Ci troviamo indubbiamente nell’epoca delle mete virali, delle fughe mordi e fuggi e dei borghi trasformati in scenografie da social network. Eppure esiste ancora un Belpaese che continua a sorprendere, l’Italia delle riserve naturali, dei sentieri che attraversano foreste antiche, dei piccoli parchi costieri dove il silenzio ha ancora il suono del vento e del mare. Mai come adesso, quindi, la Settimana della Natura, in programma dal 18 al 24 maggio, arriva proprio per ricordare quanto questo patrimonio sia oggi più centrale che mai.
Promossa dal Ministero dell’Ambiente e della Sicurezza Energetica, l’iniziativa riunisce giornate dedicate alla biodiversità, ai parchi, agli impollinatori e alla tutela degli ecosistemi.

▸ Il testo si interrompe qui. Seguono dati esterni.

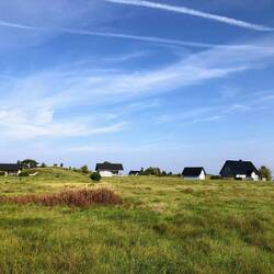 🗒️Haben fast 10 Stunden geschlafen! Da wir gestern bereits um 21 Uhr im Schlafsack lagen sind wir heute um 7 Uhr wach und um 9 Uhr gehts los. Markus fühlt sich viel besser und übernimmt wieder die Führung. Rasant düsen wir dahin. Die Straßen oft sehr gerade, die Landschaft flach, teils Bäume, teils Landwirtschaft. Typisch hier sind die Steinmauern um die Häuser und einige alte Häuser haben ein Reetdach. Die Bäume unterschiedlich, wir sehen Kiefern, Wacholder, Birken, voll beladene Apfelbäume und anderes.
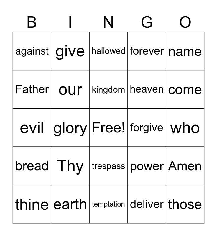 This bingo card has a free space and 32 words: deliver, lead, glory, will, bread, our, name, Amen, give, done, kingdom, hallowed, into, day, forgive, daily, thine, evil, trespass, Thy, power, we, who, earth, those, forever, heaven, Father, against, temptation, us and come.

Un calendario simbolico, ma anche estremamente attuale. Perché mentre il turismo italiano continua a crescere (secondo Isnart per Unioncamere ed ENIT il 2025 ha sfiorato gli 891 milioni di presenze e il 2026 è partito con oltre 100 milioni di presenze attese già nel primo quadrimestre) aumenta anche la necessità di ripensare il rapporto tra viaggiatori e territori.
Non basta più però limitare i danni del turismo di massa, perché oggi la sfida è lasciare qualcosa di positivo ai luoghi visitati: economia diffusa, attenzione ambientale, valorizzazione delle comunità locali. Siamo di fronte a quello che potremmo definire come il concetto di turismo rigenerativo, sempre più discusso nel settore travel internazionale, che invita a vivere le destinazioni con lentezza e consapevolezza.
Indice
Dai parchi delle Dolomiti alle coste della Sardegna
La Settimana della Natura può diventare anche l’occasione perfetta per tornare a visitare alcuni dei paesaggi più straordinari del patrimonio naturalistico italiano, spesso osservati troppo velocemente. Nel cuore del Veneto, le Dolomiti Bellunesi custodiscono alcuni dei sentieri più suggestivi d’Europa. A maggio inoltrato i rifugi iniziano lentamente a riaprire, i boschi ritrovano colori intensi e il turismo non ha ancora raggiunto i picchi estivi. È il momento ideale per esplorare vallate meno battute, tra torrenti glaciali, piccoli paesi alpini e panorami che sembrano addirittura usciti da un film di Hayao Miyazaki.

Più a sud, il Parco Nazionale del Pollino continua a essere uno dei grandi segreti naturalistici italiani. Qui il tempo sembra rallentare per davvero, tra foreste immense, canyon, fiumi e i celebri pini loricati creano uno scenario quasi primordiale. Un luogo perfetto per chi cerca un’Italia autentica e ancora lontana dalle rotte più prevedibili.

Ma non dimentichiamoci, assolutamente, delle coste. Nell’Area Marina Protetta di Tavolara Punta Coda Cavallo il Mediterraneo mostra uno dei suoi volti più spettacolari: acqua trasparente, biodiversità marina e spiagge che fuori stagione tornano ad essere vivibili.
Il futuro del turismo passa dalla natura
Negli ultimi anni il viaggio naturalistico è cambiato profondamente. Non è più soltanto evasione o ricerca del paesaggio perfetto, ma un modo diverso di abitare temporaneamente i luoghi. I dati lo confermano: cresce l’interesse verso esperienze legate ai cammini, ai parchi, alle aree protette e alle realtà locali.
Ed è forse questa la parte più interessante della Settimana della Natura, ovvero la capacità e l’occasione di ricordare che il vero lusso contemporaneo non è l’accesso esclusivo a una destinazione, ma la possibilità di viverla senza consumarla. In un Paese tanto fragile quanto straordinario come l’Italia, la natura non rappresenta soltanto un patrimonio da fotografare. È una responsabilità collettiva, ma anche una delle forme di viaggio più emozionanti rimaste.